If you want to automagically detect if a 3+ channel "color" image will appear to humans to be grayscale, you could create a copy via the existing grayscale function and apply a color-distance algorithm between it and the original image.

There's a hidden, internal API used by the automated tests that does something similar to this - see https://github.com/lovell/sharp/blob/master/test/fixtures/index.js#L131 - please remember this is not external API and may change/break without warning.

rayshan commented 8 years ago

Thanks for the tip Lovell. I processed 60 files of various sizes and colors, some grayscale only. The code looks something like this:

sharp(chunk.contents) // buffer
    .grayscale()
    .toFile("tmp/temp.jpg")
    .then(() => {
        console.log(maxColourDistance(chunk.path, "tmp/temp.jpg"));
    });

Results sorted:

7.667830467
8.346505165
9.105529785
9.418406487
9.86065197
9.863577843
10.42674351
10.76643562

**potential threshold**

18.11822319
18.70937729
24.48128891
25.24388504
25.27663612
25.8201046
26.00285912
26.77753067
26.92282677
27.30444717
27.64958382
27.71055222
28.12445068
28.34516907
28.460886
28.47734451
28.47946167
28.5562458
28.89081383
28.99706078
29.10570908
29.20390892
29.5150032
29.57815933
29.60145187
29.65199089
29.66287231
29.68298721
29.71682739
29.73700905
29.74423218
29.75669479
29.83790588
29.91073418
29.92290497
30.26291084
30.3011837
30.30294609
30.62481308
30.88695145
30.95523071
31.252985
31.32004547
31.33866501
31.34113693
31.41125298
31.86034775
32.4184494
32.60464478
32.74927139
34.97540283
35.71175003

I'm thinking 15 is a good threshold. The image with a value of 18 or so is below, and I can see how it's close to the threshold:

our omnipotent overlord - thumbnail - 1x

It takes about 1~2 seconds per image, depending on size. It's slightly slower than using a pure JavaScript solution like https://github.com/Pomax/RGBAnalyse. Performance will likely improve drastically without the extra 1x file write and 2x file read. Without optimization and a public API, I'll likely stick with RGBAnalyse for now, though I still need sharp for resizing and whatnot.

I'll leave it up to you to close this ticket, in case you envision sharp to take on such analysis functions.

lovell commented 8 years ago

Given it's only used by some of the tests, the internal _maxColourDistance function hasn't been optimised and could probably be improved by a factor of at least 5x with only a small decrease in accuracy.

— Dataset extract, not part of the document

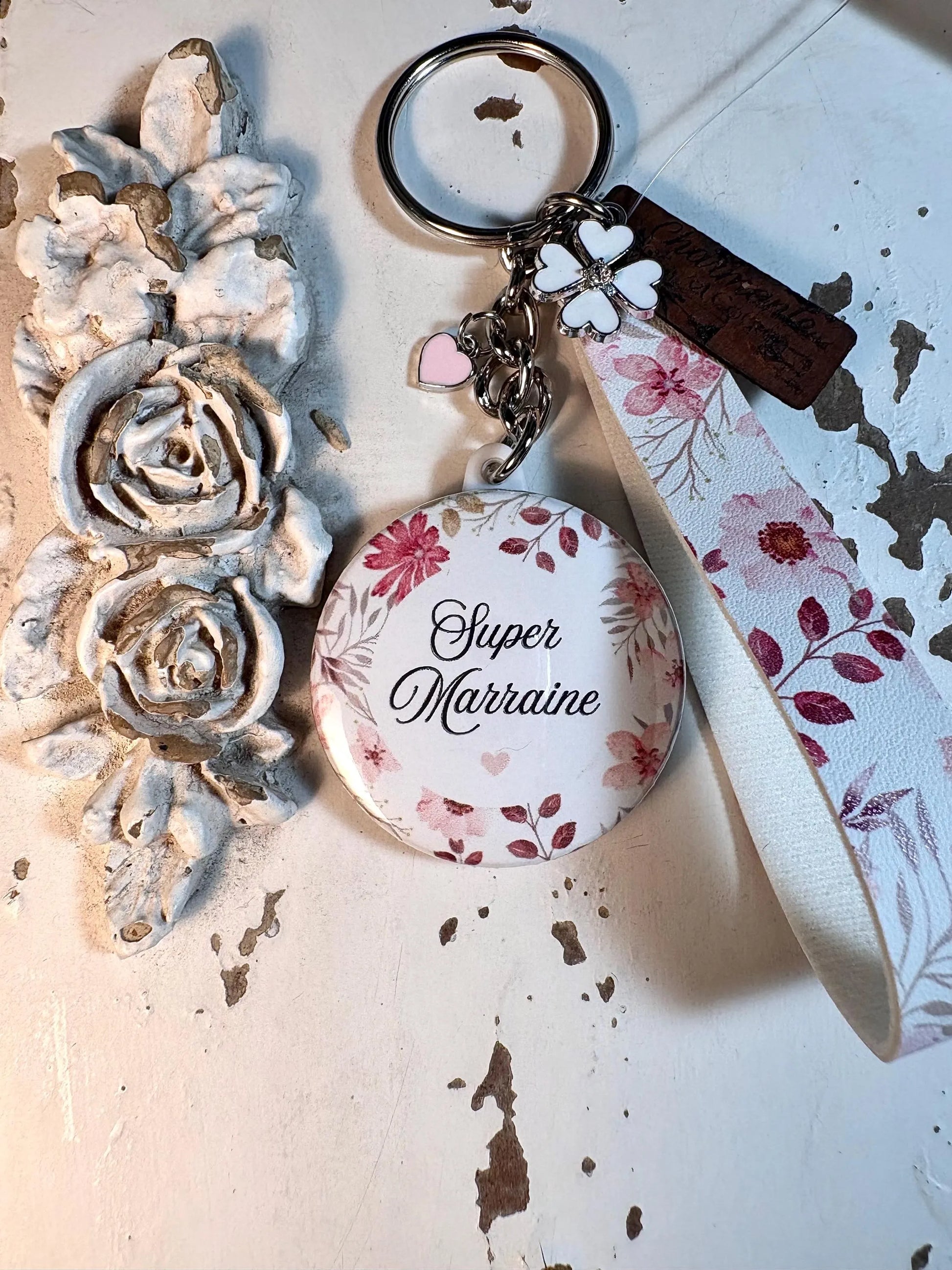 Un magnifique porte clés avec un message inscrit pour annoncer à une personne chère qu'elle sera la marraine de votre petit trésor!

I'll leave this task open as being possible future external API to see how much support it gathers. Thanks for the original suggestion!

felicks commented 5 years ago

@lovell, @rayshan thanks for this. I want to use the maxColourDistance function, but I'm not able to. It says maxColourDistance is not defined.

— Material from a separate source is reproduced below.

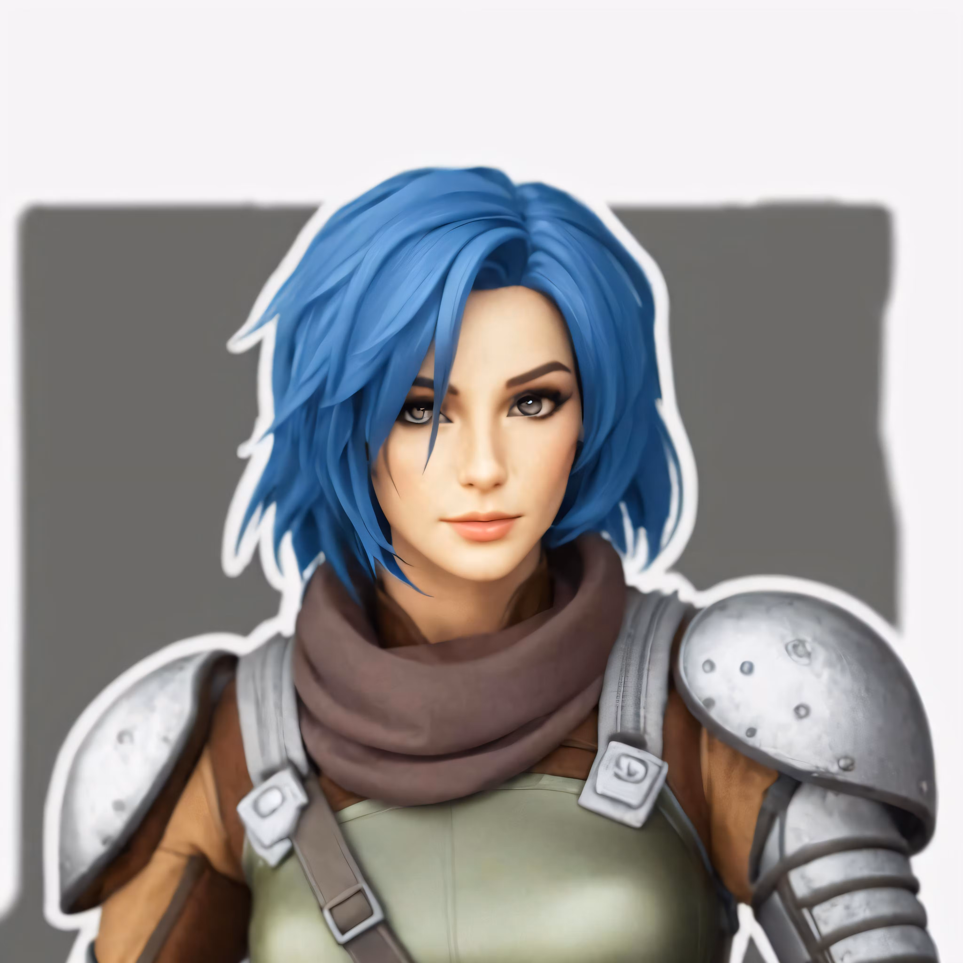 High resolution picture, free to use, a woman in blue hair with an arm up and a scarf around her neck

lovell commented 5 years ago

@felicks This discussion relates to a future possible enhancement to make an existing internal, private function part of the external API, which is why the code examples above do not currently work.

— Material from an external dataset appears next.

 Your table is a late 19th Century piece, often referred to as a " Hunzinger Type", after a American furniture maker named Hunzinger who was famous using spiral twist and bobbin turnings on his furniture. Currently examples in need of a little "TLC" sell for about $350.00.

jcupitt commented 4 years ago

This is usually done with Spatial CIELAB:

http://scarlet.stanford.edu/~brian/scielab/scielab.html

The basic idea is simple: blur before calculating CIELAB, so there's a spatial component too.

In pyvips it would be something like:

def scielab(a, b):
    return a.gaussblur(2).dE76(b.gaussblur(2))

So you'd just test for scielab(a, grey).max() < 10.

libvips is missing an operator to calculate dE76 for (image, constant) -- that would be a useful addition for something like this.